DIRECTIONS>
What is needed is an exact copy of the records below, minus any pictures.

§

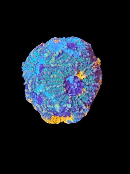 Le Orange Crush Echinata est un chalice LPS d’exception, reconnu pour sa base orange intense parsemée de yeux verts ou jaunes fluo, souvent accompagnés de reflets rouges ou bleutés selon l’éclairage. Sa texture en coupe et ses couleurs éclatantes en font une pièce maîtresse dans tout aquarium récifal.
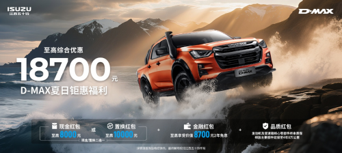 D-MAX强悍来袭:至高综合优惠 18,700元!高端越野王者,清凉福利同样硬核。
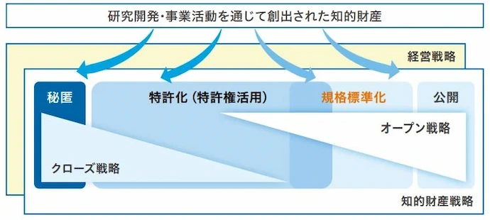 当社では、研究開発や事業活動を通じて創出した知的財産を、下図([研究開発・事業活動を通じて創出された知的財産])のとおり知的財産戦略に基づき秘匿、特許化、規格標準化、公開を組み合わせて事業に活用しています。規格標準化については、下図([規格標準化に係る当社の活動])のとおり品質保証、安全、環境、防災に係る社内活動をはじめ、JIS・ISO・API等に関する外部での活動にも積極的に参加して、鋼材および材料試験法等の規格化に取り組んでいます。鉄鋼製造のサステナビリティ基準や自社および他社の商品を投入する市場のルールを整えて、新商品の拡販等につなげて経営に貢献するとともに、鉄鋼業界が対象とする市場の形成とその拡大を図っています。自動車用鋼板・材料分野では、延性試験委員会ISO/TC 164/SC 2の議長に当社社員が就任して、規格活動をけん引しています。また、石油・ガス開発・生産環境向け鋼材製品に関連する分野では、当社社員が油井管に関する規格化を推進し、その功績が認められ米国AMPP (Association for Materials Protection and Performance:米国の材料腐食防食協会)の「2024 AMPP Fellow Honor Award」を受賞しました。
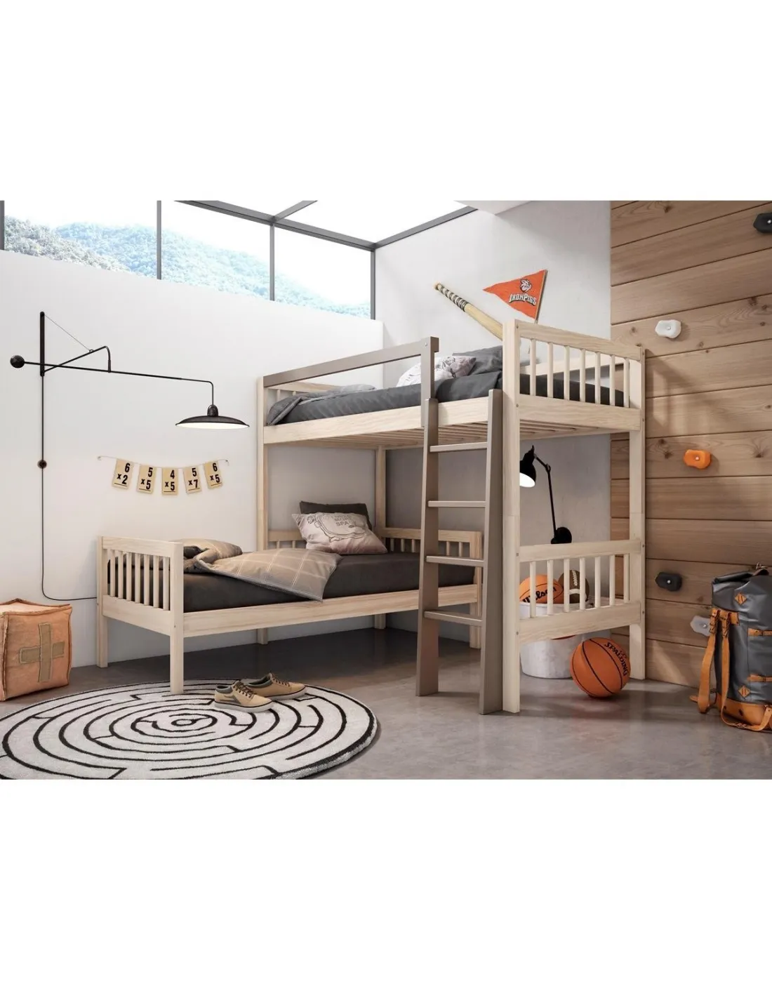 Esta litera convertible Palillos en ele SE PUEDE CONVERTIR EN DOS CAMAS IGUALES E INDEPENDIENTES. está compuesta por una cama alta con escalera y una cama baja independiente. Vienen disponibles para colchones de largo variable (180 / 190 / 200 cm.) y de ancho variable (para anchos de 80 / 90 / 105 cm.), y tienen las siguientes medidas totales en cm.:
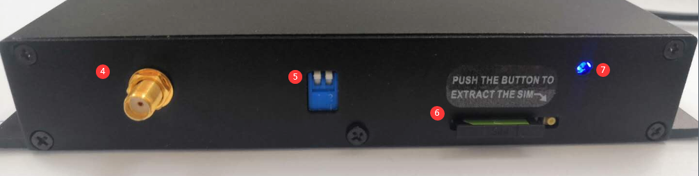 ?①電源接口??? ②USB 接口???? ③接線端子 ??? ④天線接口?? ?⑤撥碼開關(guān)?? ??⑥SIM卡槽??? ⑦信號指示燈 ? ???
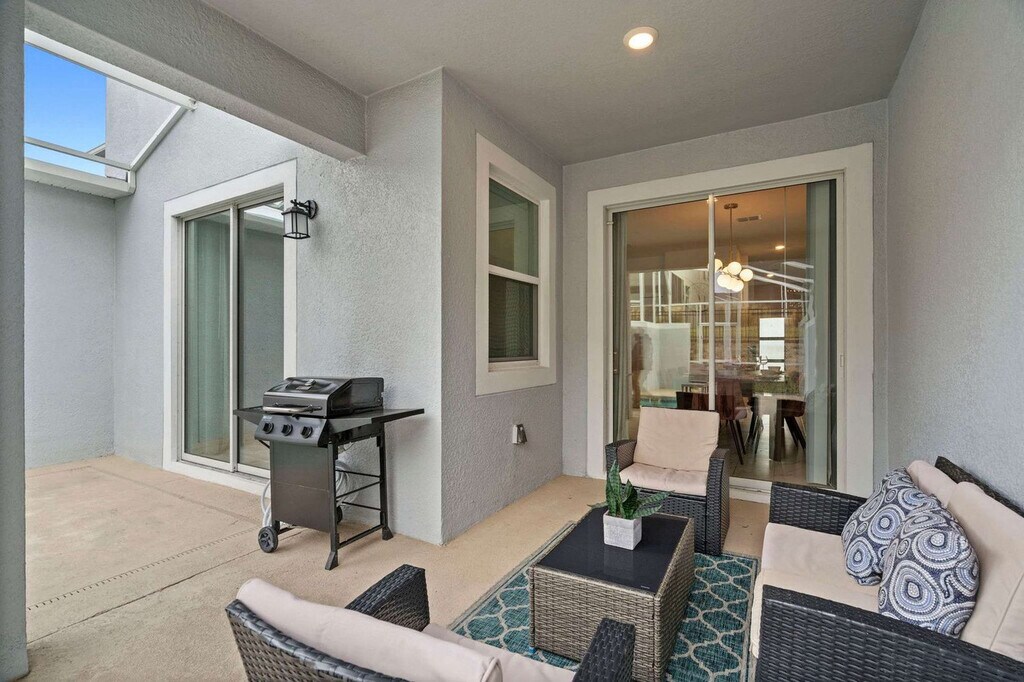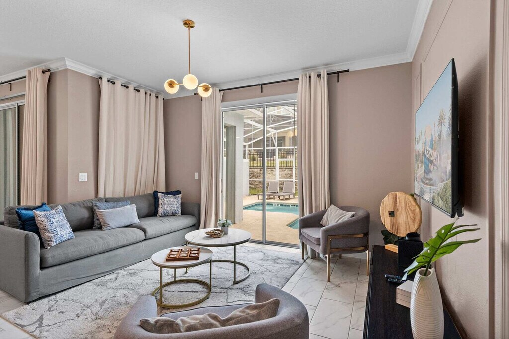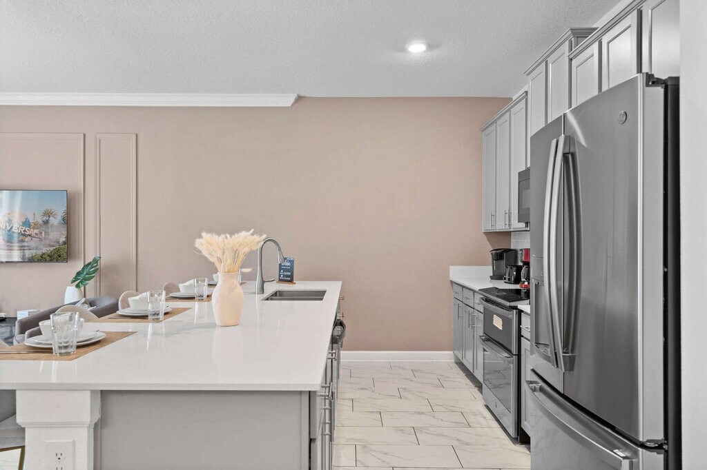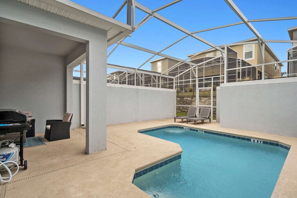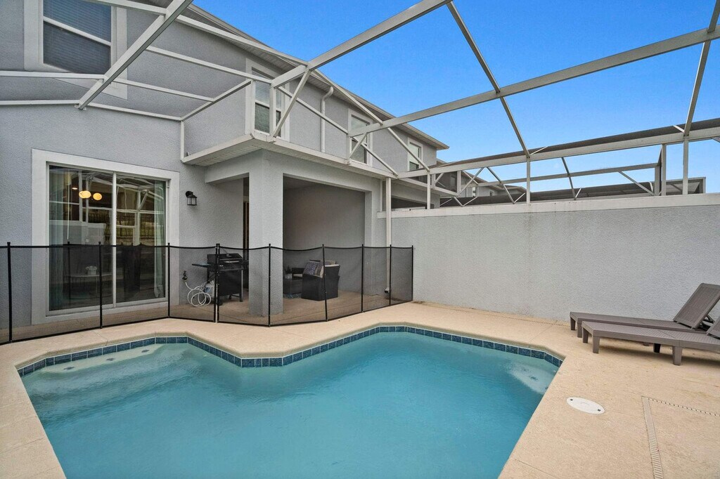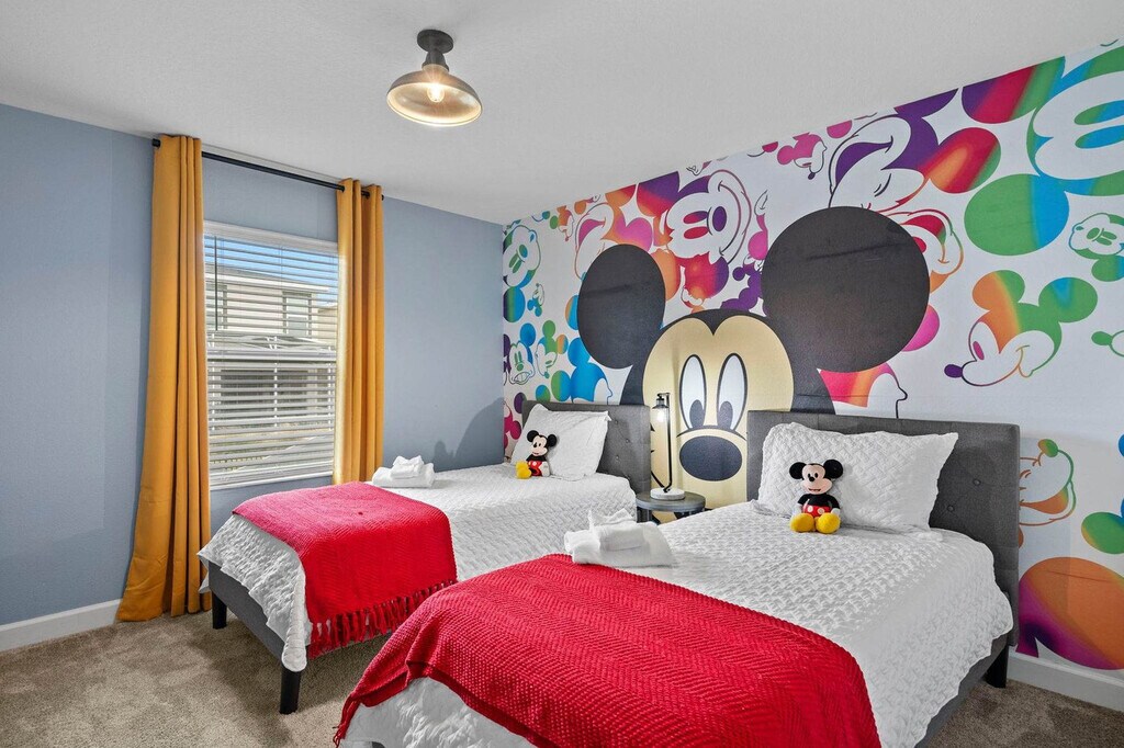 Escape to this beautifully decorated 4-bedroom, 3-bathroom townhome, designed to host up to 10 guests. This inviting retreat features two adorable themed bedrooms – a Mickey Mouse room and a Tangled-inspired room – perfect for creating magical memories. Unwind in your private pool or enjoy the outstanding amenities at Champions Gate Resort, including multiple pools, a lazy river, tennis courts, mini-golf, and more. Ideally situated near markets, restaurants, and shops, this Orlando/Kissimmee getaway is the ultimate destination for families and the perfect vacation sanctuary. Step into a home that exudes charm and coziness! This lovely 4-bedroom, 3-bathroom townhome has been thoughtfully designed with modern, inviting decor, creating the perfect space for your family getaway. The open-concept living, dining, and fully equipped kitchen areas are the heart of the home, ideal for relaxation and shared meals. Outside, unwind in your private heatable pool on the patio, a serene retreat for peaceful moments. On the first floor, a beautifully decorated King bedroom with a nearby bathroom offers easy access. Upstairs, discover the elegant master King suite and two adorable themed bedrooms: a Tangled-inspired room with a double-bunk bed with two double beds and a Mickey Mouse room featuring two twin beds that are perfect for kids and kids at heart. Enjoy added convenience with a fully equipped laundry room, complimentary WiFi, free parking, and a welcome kit stocked with essential bathroom and kitchen items to make your stay seamless. Craft unforgettable memories in this adorable retreat, where comfort and charm blend perfectly. Your magical vacation awaits! Pool heating is available for an additional fee and there is a charge for using the barbecue grill. Champions Gate Resort is a resort-style community that offers every imaginable amenity for a blissful stay. It features an impressive clubhouse with a variety of courts and outdoor activities like tennis, beach volleyball, and a golf course, while its restaurant and fitness center will help you stay refreshed and fit. Its swimming pool complex is perfect for a splashy day, with slides, a lazy river, and a kids splash pool. Plus, the resort is just 20 minutes away from Disney Parks, ensuring plenty of opportunities for fun and adventure. Shopping, dining, and entertainment are also within reach, with stores, restaurants, and supermarkets nearby. It's the perfect place for a family getaway; come and experience all the perks of Champions Gate Resort! Guests are responsible for replenishing bathroom and kitchen amenities. Quiet hours are between 22:00 and 8:00. [SI]
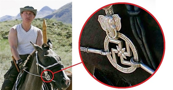 И ты такой же. Вглядись внимательно, увидишь голову слона. То исть в буддийской стране сделан снимок. А у буддистов свастика была и осталась священным символом, они её везде суют, даже в упряжи коней. Немного поразмышлять, и можно сообразить, что Путин был в гостях у Шойгу в Туве. Вот и вся связь.
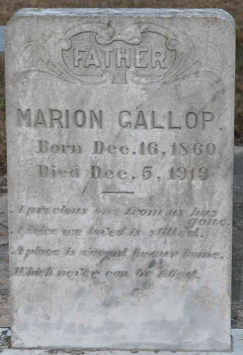 | Gallop, Marion | Dec. 16, 1860 | Dec. 5, 1919 | Father - A precious one from us has gone. A voice we loved is stilled. A place is vacant in our home. Which never can be filled. [see obituary] |
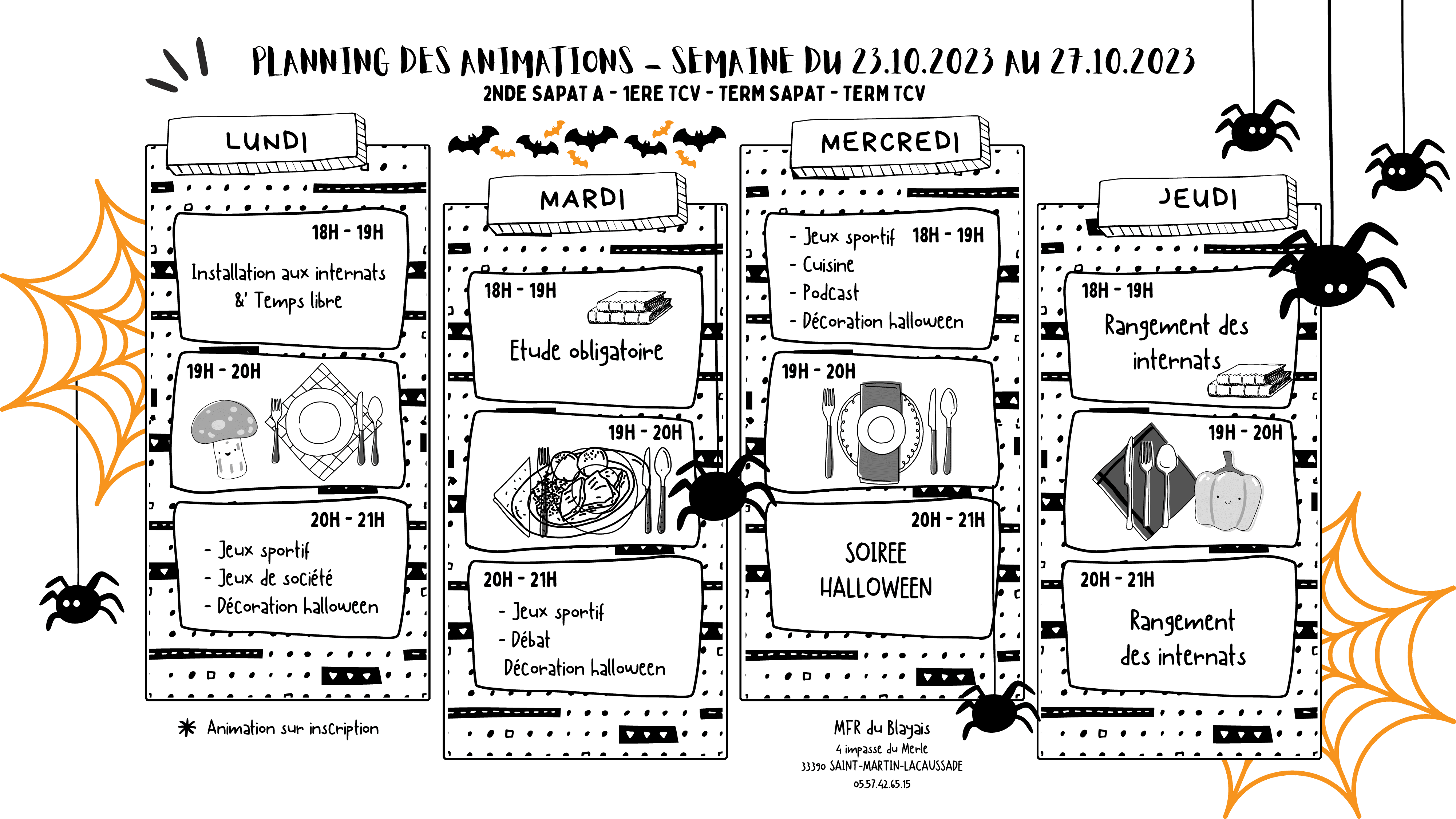 En effet, le temps du soir est très important pour les internes, qui représentent une majorité d’élèves à la MFR. Ces soirées sont animés par deux animateurs/surveillants de nuits, deux moniteurs et deux animatrices supplémentaires qui viennent renforcer l’équipe sur certains jours.

§

YOUR SOLUTION>
 Le Orange Crush Echinata est un chalice LPS d’exception, reconnu pour sa base orange intense parsemée de yeux verts ou jaunes fluo, souvent accompagnés de reflets rouges ou bleutés selon l’éclairage. Sa texture en coupe et ses couleurs éclatantes en font une pièce maîtresse dans tout aquarium récifal.
 D-MAX强悍来袭:至高综合优惠 18,700元!高端越野王者,清凉福利同样硬核。
 当社では、研究開発や事業活動を通じて創出した知的財産を、下図([研究開発・事業活動を通じて創出された知的財産])のとおり知的財産戦略に基づき秘匿、特許化、規格標準化、公開を組み合わせて事業に活用しています。規格標準化については、下図([規格標準化に係る当社の活動])のとおり品質保証、安全、環境、防災に係る社内活動をはじめ、JIS・ISO・API等に関する外部での活動にも積極的に参加して、鋼材および材料試験法等の規格化に取り組んでいます。鉄鋼製造のサステナビリティ基準や自社および他社の商品を投入する市場のルールを整えて、新商品の拡販等につなげて経営に貢献するとともに、鉄鋼業界が対象とする市場の形成とその拡大を図っています。自動車用鋼板・材料分野では、延性試験委員会ISO/TC 164/SC 2の議長に当社社員が就任して、規格活動をけん引しています。また、石油・ガス開発・生産環境向け鋼材製品に関連する分野では、当社社員が油井管に関する規格化を推進し、その功績が認められ米国AMPP (Association for Materials Protection and Performance:米国の材料腐食防食協会)の「2024 AMPP Fellow Honor Award」を受賞しました。
 Esta litera convertible Palillos en ele SE PUEDE CONVERTIR EN DOS CAMAS IGUALES E INDEPENDIENTES. está compuesta por una cama alta con escalera y una cama baja independiente. Vienen disponibles para colchones de largo variable (180 / 190 / 200 cm.) y de ancho variable (para anchos de 80 / 90 / 105 cm.), y tienen las siguientes medidas totales en cm.:
 ?①電源接口??? ②USB 接口???? ③接線端子 ??? ④天線接口?? ?⑤撥碼開關(guān)?? ??⑥SIM卡槽??? ⑦信號指示燈 ? ???
 Escape to this beautifully decorated 4-bedroom, 3-bathroom townhome, designed to host up to 10 guests. This inviting retreat features two adorable themed bedrooms – a Mickey Mouse room and a Tangled-inspired room – perfect for creating magical memories. Unwind in your private pool or enjoy the outstanding amenities at Champions Gate Resort, including multiple pools, a lazy river, tennis courts, mini-golf, and more. Ideally situated near markets, restaurants, and shops, this Orlando/Kissimmee getaway is the ultimate destination for families and the perfect vacation sanctuary. Step into a home that exudes charm and coziness! This lovely 4-bedroom, 3-bathroom townhome has been thoughtfully designed with modern, inviting decor, creating the perfect space for your family getaway. The open-concept living, dining, and fully equipped kitchen areas are the heart of the home, ideal for relaxation and shared meals. Outside, unwind in your private heatable pool on the patio, a serene retreat for peaceful moments. On the first floor, a beautifully decorated King bedroom with a nearby bathroom offers easy access. Upstairs, discover the elegant master King suite and two adorable themed bedrooms: a Tangled-inspired room with a double-bunk bed with two double beds and a Mickey Mouse room featuring two twin beds that are perfect for kids and kids at heart. Enjoy added convenience with a fully equipped laundry room, complimentary WiFi, free parking, and a welcome kit stocked with essential bathroom and kitchen items to make your stay seamless. Craft unforgettable memories in this adorable retreat, where comfort and charm blend perfectly. Your magical vacation awaits! Pool heating is available for an additional fee and there is a charge for using the barbecue grill. Champions Gate Resort is a resort-style community that offers every imaginable amenity for a blissful stay. It features an impressive clubhouse with a variety of courts and outdoor activities like tennis, beach volleyball, and a golf course, while its restaurant and fitness center will help you stay refreshed and fit. Its swimming pool complex is perfect for a splashy day, with slides, a lazy river, and a kids splash pool. Plus, the resort is just 20 minutes away from Disney Parks, ensuring plenty of opportunities for fun and adventure. Shopping, dining, and entertainment are also within reach, with stores, restaurants, and supermarkets nearby. It's the perfect place for a family getaway; come and experience all the perks of Champions Gate Resort! Guests are responsible for replenishing bathroom and kitchen amenities. Quiet hours are between 22:00 and 8:00. [SI]
 И ты такой же. Вглядись внимательно, увидишь голову слона. То исть в буддийской стране сделан снимок. А у буддистов свастика была и осталась священным символом, они её везде суют, даже в упряжи коней. Немного поразмышлять, и можно сообразить, что Путин был в гостях у Шойгу в Туве. Вот и вся связь.
 | Gallop, Marion | Dec. 16, 1860 | Dec. 5, 1919 | Father - A precious one from us has gone. A voice we loved is stilled. A place is vacant in our home. Which never can be filled. [see obituary] |
 En effet, le temps du soir est très important pour les internes, qui représentent une majorité d’élèves à la MFR. Ces soirées sont animés par deux animateurs/surveillants de nuits, deux moniteurs et deux animatrices supplémentaires qui viennent renforcer l’équipe sur certains jours.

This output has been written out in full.